Stored items from a collection

============================================================

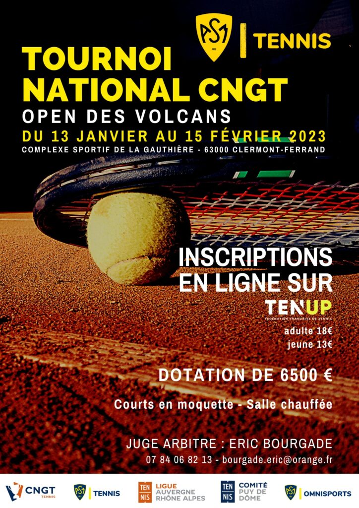 L’édition 2023 de l’Open des Volcans a débuté ce vendredi 13 janvier et se déroulera jusqu’au mercredi 15 février prochain. Les matchs ont lieu sur les moquettes de l’ASM au complexe sportif de la Gauthière, à partir de 18h en semaine et en journée complète les week-ends. Organisé par la section Tennis de l’ASM, ce tournoi de niveau National, catégorie CNGT (Circuit National des Grands Tournois), est un évènement incontournable des compétiteurs. Il est ouvert à tous, femmes et hommes de tout âge, toute catégorie et tout classement. Eric BOURGADE, bénévole au Club, officie à nouveau en tant que juge-arbitre du tournoi. Le CNGT regroupe les tournois français les plus importants et constitue la première marche du circuit international.
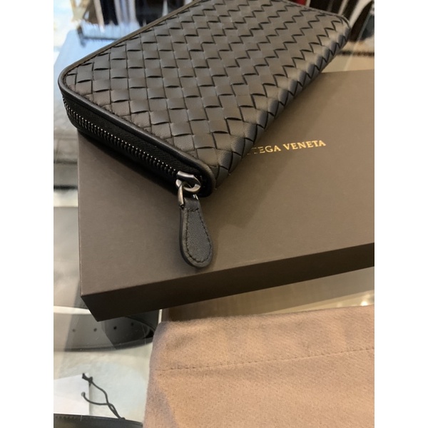 Bv 長夾經典 黑色牛皮義大利編織男生拉鏈長夾
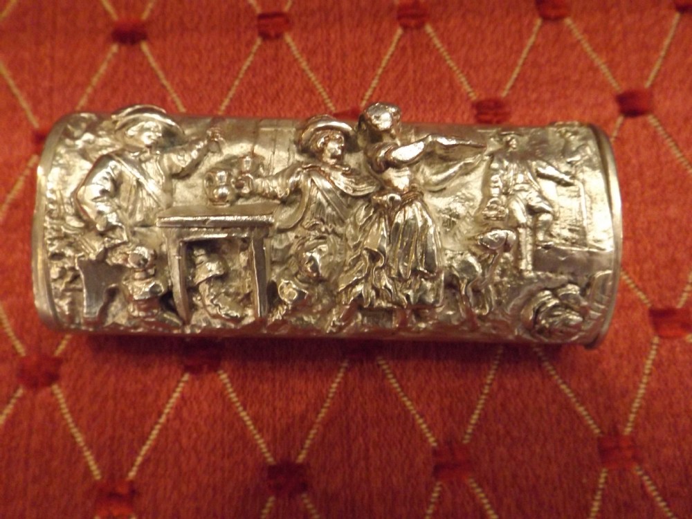 Silver Plated Vesta Case with Tavern Scene c.1890
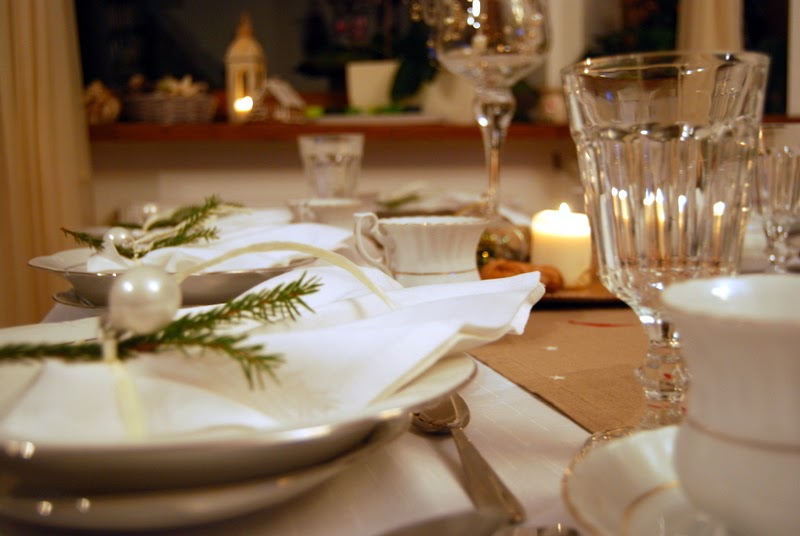 Dziś chciałabym pokazać Wam mój stół Wigilijny. Bardzo lubię moment dekorowania stołu, sama jestem bardzo ciekawa efektu, ponieważ przeważnie nie mam  wcześniej jakiejś konkretnej wizji jak ma wyglądać. Zazwyczaj wyciągam wszystko co mam, plus to co udało mi się dokupić…i tworzę. Raz jestem bardziej zadowolona z efektu, raz mniej. Tegoroczny stół podoba mi się, jest prosty, elegancki, klasyczny. Choć przeważa biel, udało mi się przemycić elementy czerwieni i złota ( przeważających  kolorów w aranżacjach świątecznych występujących w salonie i…na choince).
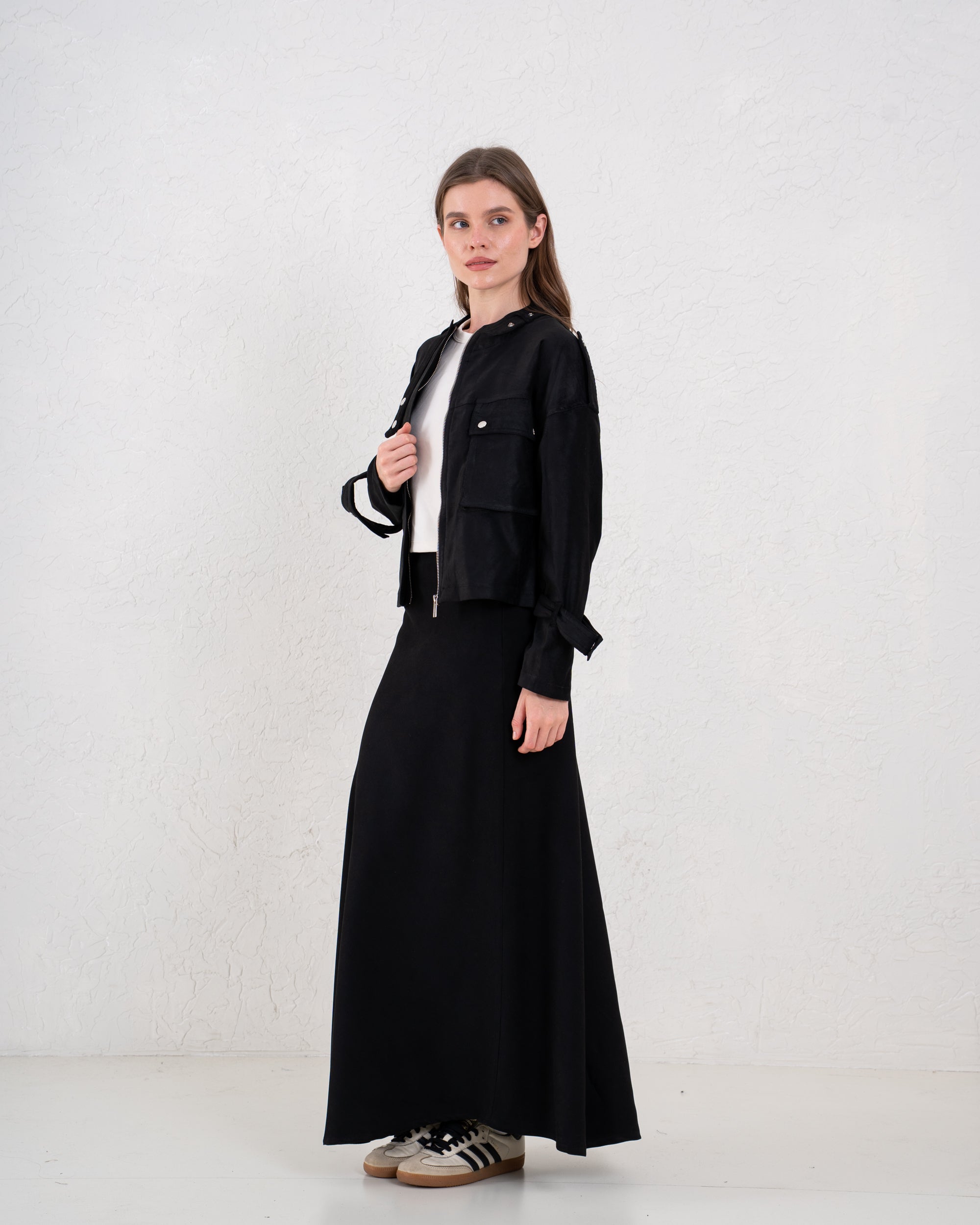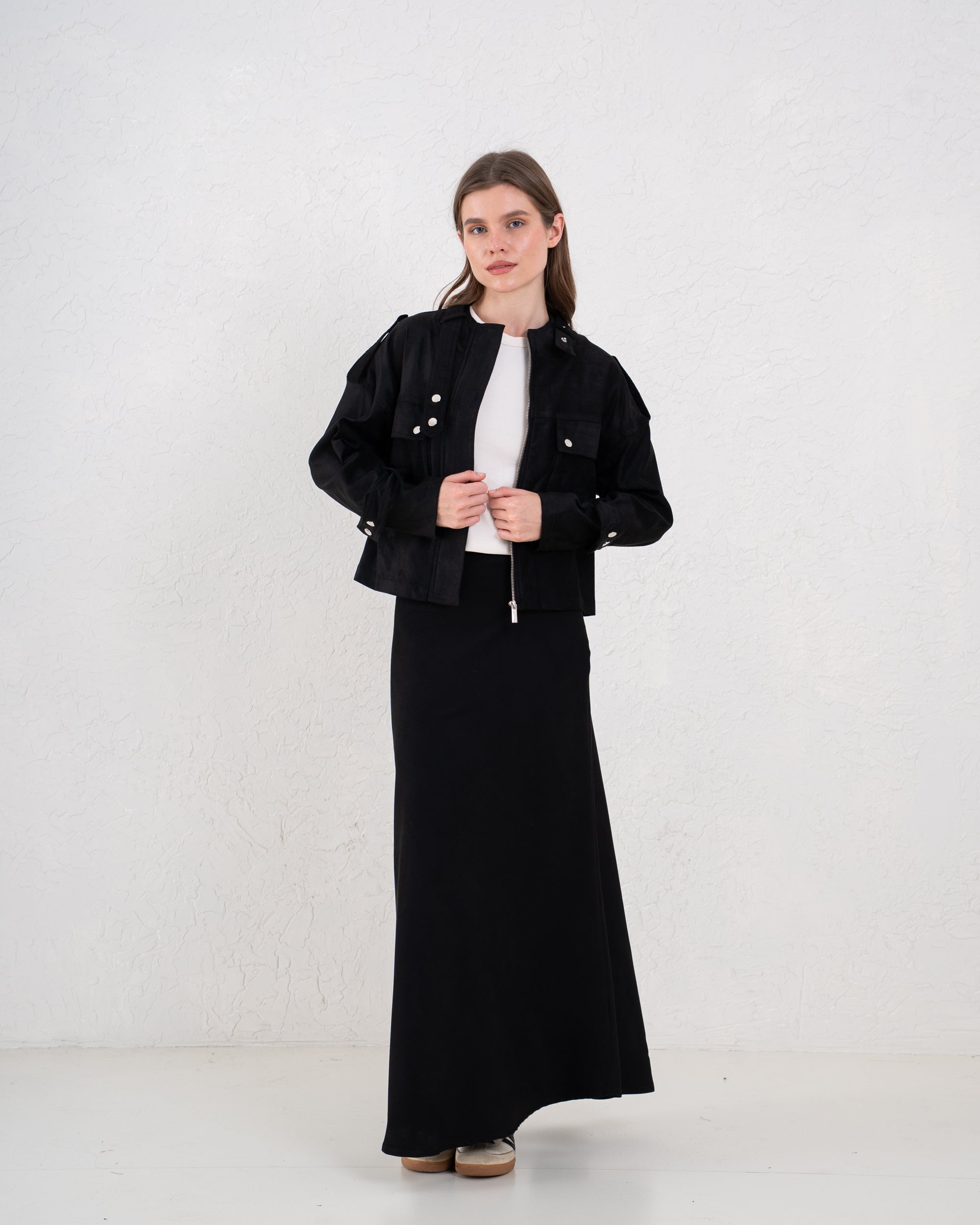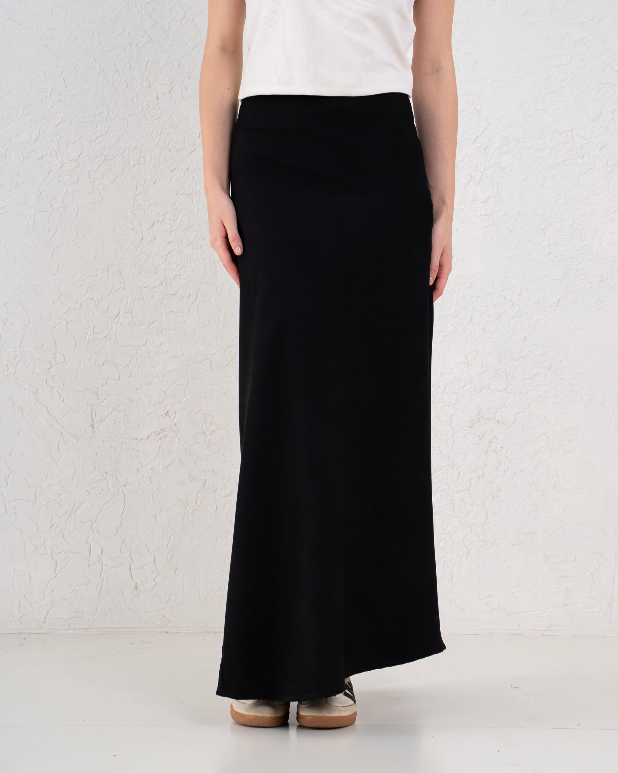 A soft suede-effect maxi skirt with a sleek, minimal silhouette. Flowy, elegant, and perfect for elevated day-to-night styling. Available in black and camel.

============================================================

Give all entries again verbatim, without any images.

Output>
 L’édition 2023 de l’Open des Volcans a débuté ce vendredi 13 janvier et se déroulera jusqu’au mercredi 15 février prochain. Les matchs ont lieu sur les moquettes de l’ASM au complexe sportif de la Gauthière, à partir de 18h en semaine et en journée complète les week-ends. Organisé par la section Tennis de l’ASM, ce tournoi de niveau National, catégorie CNGT (Circuit National des Grands Tournois), est un évènement incontournable des compétiteurs. Il est ouvert à tous, femmes et hommes de tout âge, toute catégorie et tout classement. Eric BOURGADE, bénévole au Club, officie à nouveau en tant que juge-arbitre du tournoi. Le CNGT regroupe les tournois français les plus importants et constitue la première marche du circuit international.
 Bv 長夾經典 黑色牛皮義大利編織男生拉鏈長夾
 Silver Plated Vesta Case with Tavern Scene c.1890
 Dziś chciałabym pokazać Wam mój stół Wigilijny. Bardzo lubię moment dekorowania stołu, sama jestem bardzo ciekawa efektu, ponieważ przeważnie nie mam  wcześniej jakiejś konkretnej wizji jak ma wyglądać. Zazwyczaj wyciągam wszystko co mam, plus to co udało mi się dokupić…i tworzę. Raz jestem bardziej zadowolona z efektu, raz mniej. Tegoroczny stół podoba mi się, jest prosty, elegancki, klasyczny. Choć przeważa biel, udało mi się przemycić elementy czerwieni i złota ( przeważających  kolorów w aranżacjach świątecznych występujących w salonie i…na choince).
 A soft suede-effect maxi skirt with a sleek, minimal silhouette. Flowy, elegant, and perfect for elevated day-to-night styling. Available in black and camel.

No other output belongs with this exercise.